When you’re an expert, you’re so far from the realities of the beginners that your advice might not be useful. If two people are facing a problem, one who has never learned to code and another who has been coding for decades, what do they have in common? The answer is nothing! The beginner may not even know how to start solving the problem, while someone with years of experience has forgotten what it feels like not knowing anything at all.

You’ve practiced your craft so often that it comes naturally to you. You’re used to doing things one way, which works for you. You start holding strong beliefs firmly when you have to hold them loosely. The responsibility of not losing face stops you from sharing your failures along the way — you think the master of the craft is always right and you're afraid of being exposed.

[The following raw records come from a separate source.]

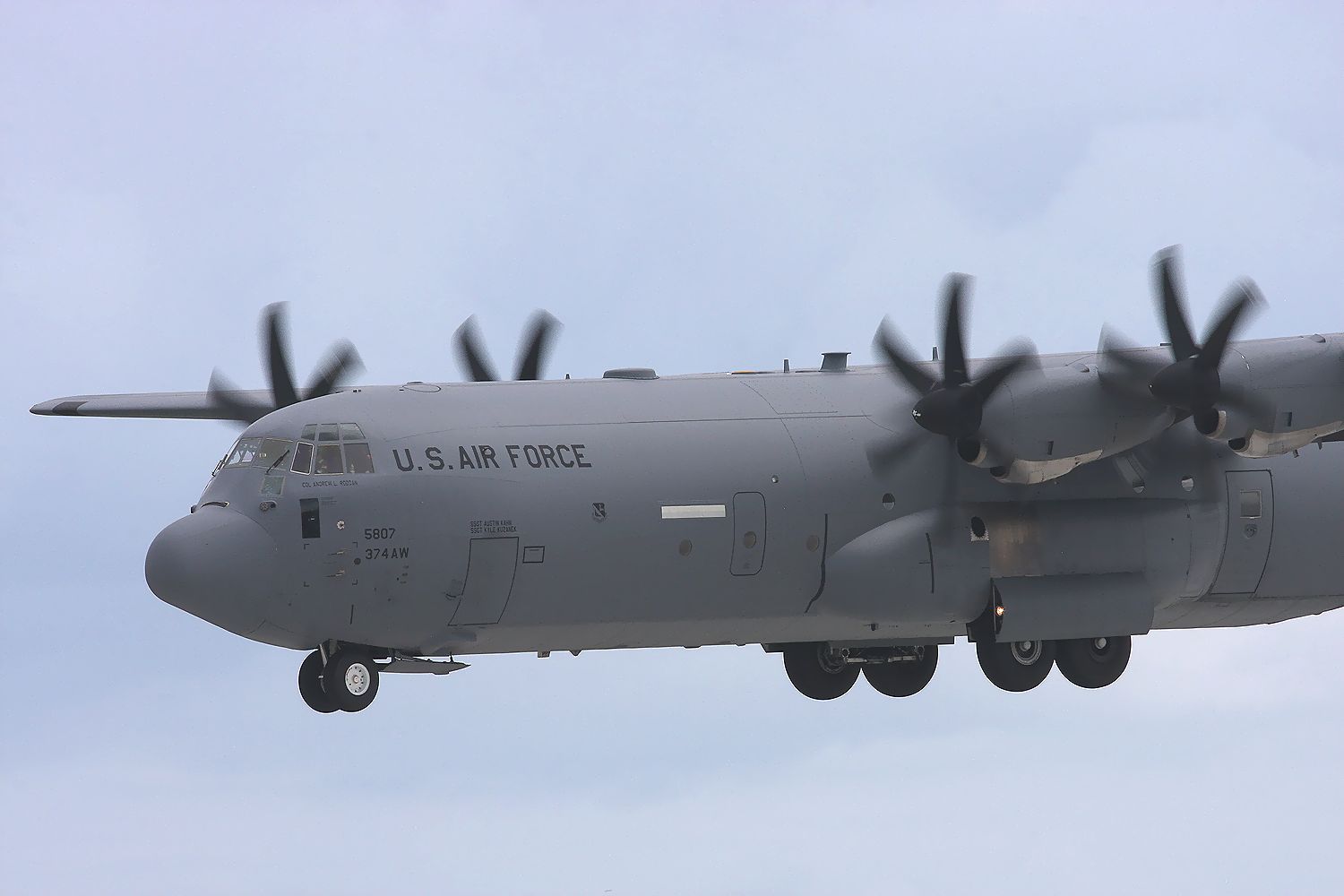 AM10:15 横田基地 C-130J(YJ)の飛来、着陸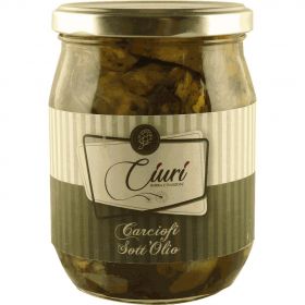 Carciofi sott’olio vengono prodotti dall'Az.Agr. Ciuri di Roberta Rabuazzo c.da Finocchiara SP208 Belpasso (CT) e trasformati e confezionati CS Agroalimentari, via G. Carducci 1, Paternò (CT).Il carciofo varietà violetto catanese viene pulito e scottato in acqua e aceto e successivamente conservato in olio di oliva Nocellara dell’etna e spezie e sottoposti a successiva pastorizzazione. Confezionamento: Vasetto di vetro da 550 g. Provenienza materie prime: tutti gli ingredienti sono di produzione propria. (Az.Ciuri) Modalità di conservazione: conservare in luogo fresco e asciutto. Una volta aperto conservare in frigorifero e consumare in tempi brevi. Modalità di utilizzo: Ottimo in aggiunta ad insalate o pasta fredda, o semplicemente come contorno o antipasto.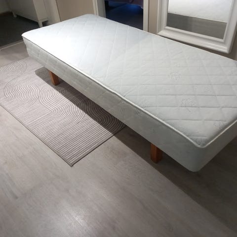IKEA sänky. Puinen runko ja vaalea patja. Sopii yhden tai kahden hengen nukkumiseen makuuhuoneeseen tai vierashuoneeseen. Tarkat mitat 160x200 irotettavat jalat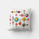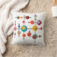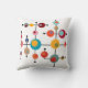 This throw pillow has a mid-century modern design of bubbles connected on black lines.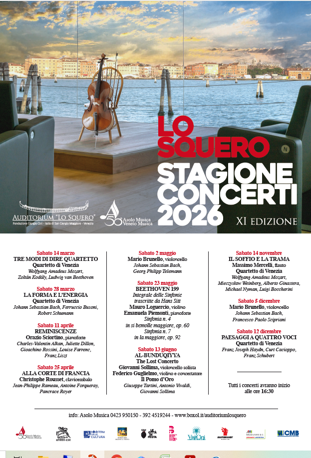 Un originale percorso tra forme musicali pure, rielaborazioni innovative: sabato 14 marzo prende il via l’undicesima stagione concertistica promossa da Asolo Musica Veneto Musica nell’incantevole cornice dell’Auditorium Lo Squero, realizzato da Fondazione Giorgio Cini sull’isola di San Giorgio Maggiore a Venezia. Dieci concerti affidati a grandi nomi del panorama nazionale e internazionale, tutti di sabato pomeriggio, scandiscono fino al 12 dicembre il variegato cartellone 2026, alla ricerca di colori, emozioni, suggestioni e nuovi mondi sonori. Una rassegna, inserita nel palinsesto de “Le Città in Festa”, un programma eterogeneo di eventi, manifestazioni e iniziative che si svolgono su tutto il territorio comunale Veneziano.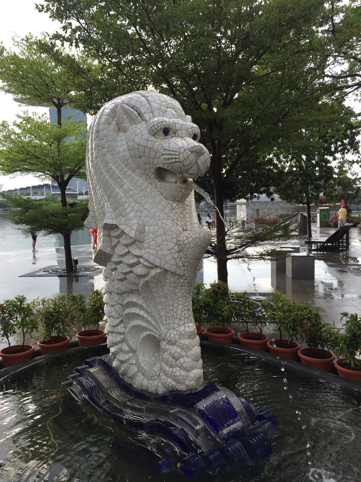 広場に到着した頃には、雨も止んでいて、無事マーライオンと会えました!朝、早い時間でしたが、すでに沢山の観光客で、ベストショットの写真を撮るのもなかなか大変でした。マーライオンの後ろには一回り小さい小ライオンもありましたが、こちらはほとんどの人が素通りです。こちらはこちらで可愛いかったですが・・・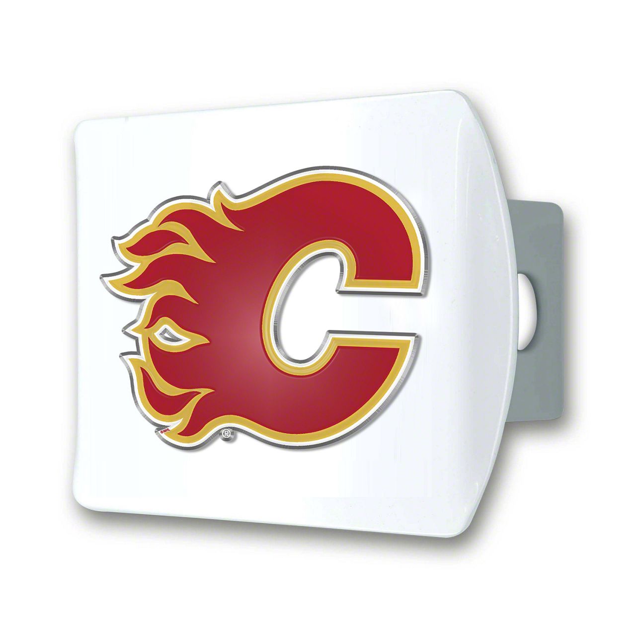 Hitch Cover with Calgary Flames Logo; White (Universal; Some Adaptation May Be Required)
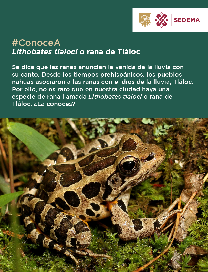 Se dice que las ranas anuncian la venida de la lluvia con su canto. Desde los tiempos prehispánicos, los pueblos nahuas asociaron a las ranas con el dios de la lluvia, Tláloc. Por ello, no es raro que en nuestra ciudad haya una especie de rana llamada Lithobates tlaloci o rana de Tláloc. ¿La conoces?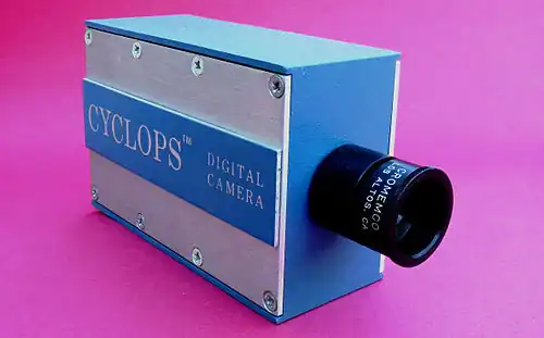 The Cromemco Cyclops, introduced in 1975 by Cromemco, was the first commercial all-digital camera using a digital metal–oxide–semiconductor (MOS) image sensor.[1] It was also the first digital camera to be interfaced to a microcomputer. The digital sensor for the camera was a modified 1 kb dynamic RAM (DRAM) memory chip that offered a resolution of 32 × 32 pixels (0.001 megapixels).[1]

I’ve read this small book by Austin Kleon, Show Your Work, where he talks about showing off the behind-the-scenes work, sharing failures, and having that bulletproof amateur mindset. And I think that’s fascinating — being amateur means constantly finding new things to explore and maybe failing and then sharing how you failed so that others can learn from it. This has helped me be more open about what I do. Before, I would think, “cmon Vadim, you’ve been doing this since childhood; people need to view you as an expert”. Fuck that, I’m an amateur, and I like it. I don’t know everything perfectly, and I’m making mistakes, but I’m learning new stuff and sharing my journey with the community.

Learning in public is a concept where you’re the one who’s raising your hand in a lecture and exposing yourself to not understanding what the professor has said. Asking questions about obvious topics that others were too afraid to ask.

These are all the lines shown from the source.